I found out that a lightning storm in the Peloncillo Mountains had started the Miller Fire on June 29th. It was in rough and remote country, in the Bunk Robinson Wilderness Study Area, with two satellite “Spike Camps” (away from ICP) that firefighters were working from. I’d be working with the Type 2 Southwest Area Incident Management Team (IMT) 4,who had taken over management of the fire that morning. I was being assigned as the Safety Officer at the Oak Grove Spike, several miles west of Cloverdale, NM. A little over a century ago the area had quite a few residents during the homesteading era. Before that it was home to the Chiricahua Apache, and of course before that Ancestral Pueblo that made a pottery type named Cloverdale Corrugated (or Incised). 
Communicating with the IMT was challenging, especially the first 24-hours: everyone using the radio’s Forest Net channel. As often the case, there were many blind spots for radio use. Emergency repeaters soon provided much improved capabilities, but we’ve become so reliant on our phones for information & communication. There was no service available, except some weak signals via Mexico (they had an interstate highway running semi-nearby south of the border): usage came with a cost, which most of us did not initialize. Eventually a mobile unit was established for WiFi, so email could be utilized to communicate.

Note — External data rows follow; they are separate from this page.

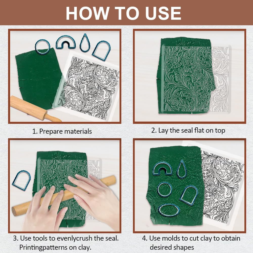 - How to Use: Simply put the polymer clay stencils on and roll it to get a clear dimensional texture, then use with water-based acrylic paint for coloring, easily get the amazing effect.
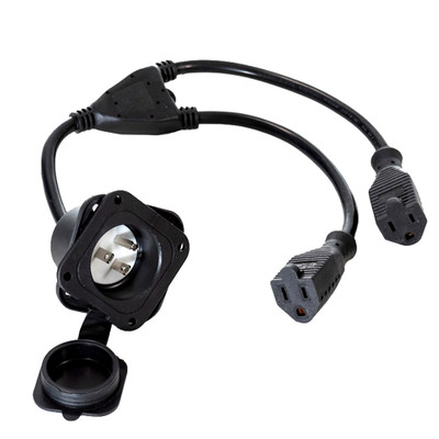 The TWPD is an AC receptacle with dual integrated extension cables, providing maximum flexibility and easy installation. Designed for exterior mounting on any vehicle, it enhances access to the charging port. Built with heavy-duty 14 AWG wire, the TWPD delivers reliable power, rated at 15 amps and 125 volts for optimal performance.
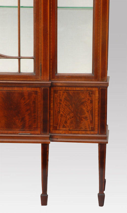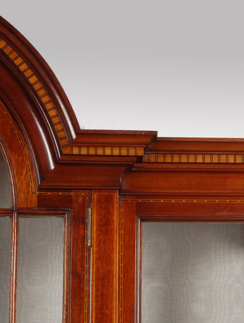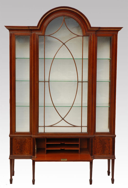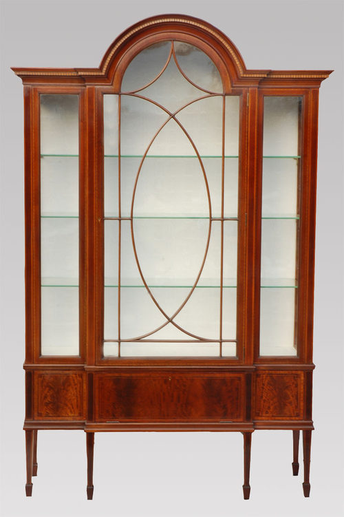 A mahogany and inlaid dome topped display cabinet,the break front fitted with a single astragal glazed door flanked by glazed panels and sides, opening to three plate frixed glass shelves, with a pull down cross banded door beneath, flanked by similar panels, raised on tapered square legs with spade toes
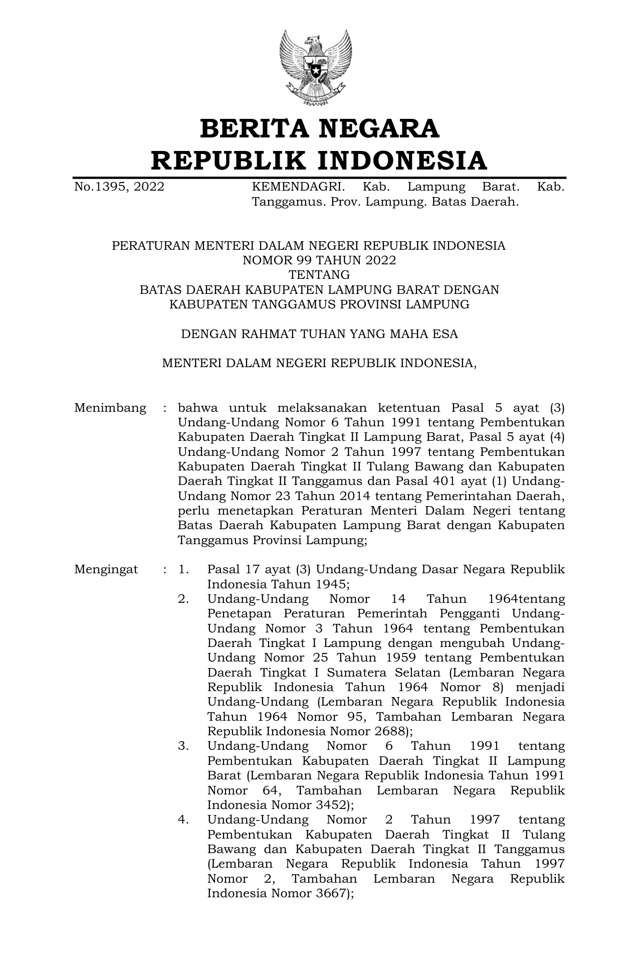 PERMEN Nomor 99 Tahun 2022 | Peraturan Menteri Nomor 99 Tahun 2022 tentang BATAS DAERAH KABUPATEN LAMPUNG BARAT DENGAN KABUPATEN TANGGAMUS PROVINSI LAMPUNG
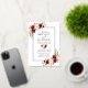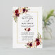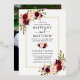 Modern Elegant Watercolor Burgundy Floral Wedding Invitation includes burgundy roses, pink roses, red roses and botanical greenery. Gold Foil Frame. Photo Back.
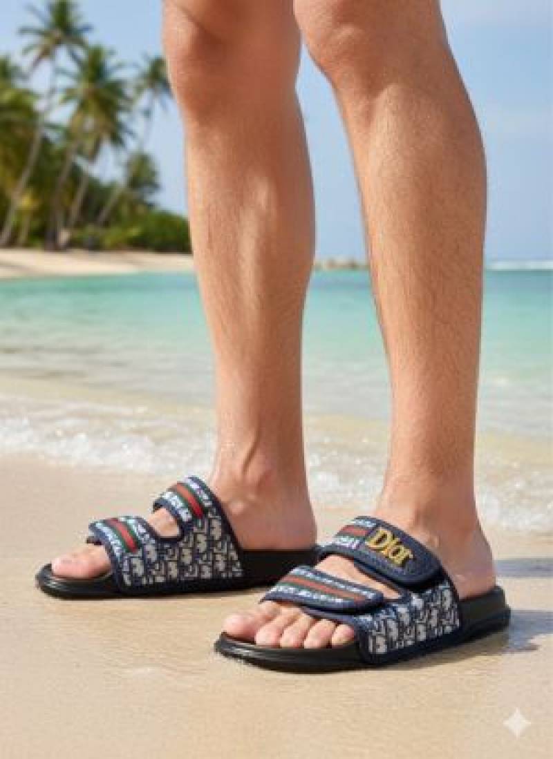 Dior-slide-blue-red-oblique-embroidered-cotton

The Oak Grove Spike Camp was centered at an old historic dance floor. Rumor was that old maps showed it as a Forest Service (FS) Ranger Station. Some research into that might be in order. It worked well, providing a solid level surface for tables & chairs: often we end up eating while standing at tailgates & hoods, but here we could sit and exchange information. The Camp Manager was a good one, a local FS District employee that made sure trash was being backhauled every night so to limit an attractive nuisance that’d bring in bears and their activity. When bear proof trailer was brought in, indeed a bear did show interest and we ended up taking the trailer several miles east for the evening. Other wildlife encounters included a crew and a mountain lion surprising each other: all kept their distance.
The historic Cloverdale Store became DP-5 (Drop Point). It was a point of interest, BUT a safety alert was issued when we learned that last year an engine crew went into it and came out covered with fleas. As we know fleas can carry disease, like bubonic plague. That pretty much stopped the use of DP-5. Each day we had more Safety Officers checking in at ICP and being assigned out to the spike camps. In short order we had a strike team for safety. During my career we’ve come a long way folks in providing emergency fireline medical services, and the EMTs and Paramedics were really “top shelf.” I’m really glad they were there.   
"Normandy" barriers at US/Mexico border
I also had a couple of Safety Officer Trainees assigned for short periods of time. One I want to mention by name: David Simpson. His day job is being the Superintendent for the Santa Fe Hostshots (they took the header photo during our t-storm July 6th). I didn’t know him very well before this assignment, but certainly look forward to working with him again: he struck me as a conscientious “safety first!” firefighter.
Overall SAFETY record was outstanding + really enjoyed getting to see BLM's Boise based UAS (drone) efforts = they helped with recon, intel & potential Initial Attack (IA) efforts: well done!
Safe travels to ALL…

P.S. - As a retired federal law enforcement officer I'd be remiss if I didn't mention the U.S. Border Patrol and their efforts during this emergency incident. Recently they've often been vilified, but I found them consummate professionals while integrating with our operations. In a switch from the norm: I met one BP Agent that had been a National Park Service (NPS) Ranger back east a decade ago, but he left because he experienced it becoming "too law enforcement oriented" (his words) and he wanted to be able to be more full-service public safety oriented. What we used to refer to as "a Protection Ranger." So, even though his degree was in Criminal Justice, he left the NPS for BP. He has now been with the Border Patrol 10-years and likes it because it has been a better experience for him.

Wednesday, July 31, 2019

Kalymnos: last April

Athens (above) & Kalymnos (following photos below)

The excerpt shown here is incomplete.